NOTE: not all OneClick implementations support Eyelid Tracking. Fuse, ACG, iClone, CC3 and UMA support Eyelid Tracking. Only UMA supports upper and lower tracking.

Bone Requirements

This is a little less cut-and-dry. A bone/transform is required to move, rotate, or scale a weighted portion of a model. Bones are recommended for eye and head movement but can become unwieldy for mouth and emote configuration due to the quantities of bones typically required for such movement. However, it is certainly possible to do so. Most model generation systems (other than UMA) do not use bones for facial animation, however, if you are creating your own setup, you may certainly use bones and configure the SALSA Suite to animate your character model. The suggestion is to read the section on blendshapes and configure a sufficient number of bones with specific weights to create the same representation of movement.

2D Requirements

SALSA LipSync Suite v2 currently supports sprite, texture, and material manipulation. It uses a switching mechanism to swap out element frames to create animation, much like the cell-based cartoon animation techniques. SALSA v1 supported single-frame sprite configurations, swapping out one frame for each represented animation. SALSA Suite v2 also supports the same single-frame configuration as well as multi-frame configurations and has added additional support for textures, materials, and UGUI sprites.
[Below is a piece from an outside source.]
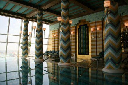 Grezna un mūsdienīga viesnīca. Tiek uzskatīta par prestižāko viesnīcu pasaulē. Buras formas korpuss: 202 suite veida numuri. 5 restorāni (arābu, jūras velšu, starptautiskā un 2 Vidusjūras virtuves). 3 bāri, konferenču zāles, veikali. Baseins (ūdens temperatūru regulē atkarībā no laika apstākļiem). Atpūtas krēsli, saulessargi un dvieļi pie baseina un pludmalē bez maksas.

Whether you are using sprites or textures, the golden rule for getting the most out of the SALSA Suite is to implement separate facial segments for animation. The main separation should be eyes animated separately from the mouth. However, if you wish to introduce emotes, you may have to get creative in your process since emotes frequently include eye and mouth movement. SALSA Suite has some mechanisms to deal with this such as priority overrides in the QueueProcessor following these basic rules:

  • Lipsync overrides everything.
  • Emotes override Eyes/Eyelids/Head
  • and Eyes/Eyelids/Head override themselves

2D Eyes Requirements

Eyes has some specific requirements for 2D depending on whether you are using sector-based or bone/transform-based movement. Bone-based movement is the loosest and really just requires your model looks correct as the eye is moved around on its transform. For example, if manipulating an eye behind an eye-socket, the eye should not expose itself outside of the socket area and should also not expose blank space within the socket -- unless, of course, that is the look-and-feel you are going for.

Sector-based movement is a bit different. The Eyes module has a few templates to work with such scenarios:

  • 2-way (left, right)
  • 3-way (left, center, right)
  • 5-way (center, top, right, bottom, left)
  • 9-way (center, top, top-right, right, bottom-right, bottom, bottom-left, etc.)

If using sectors, your animated cells should adhere to one of the above template scenarios.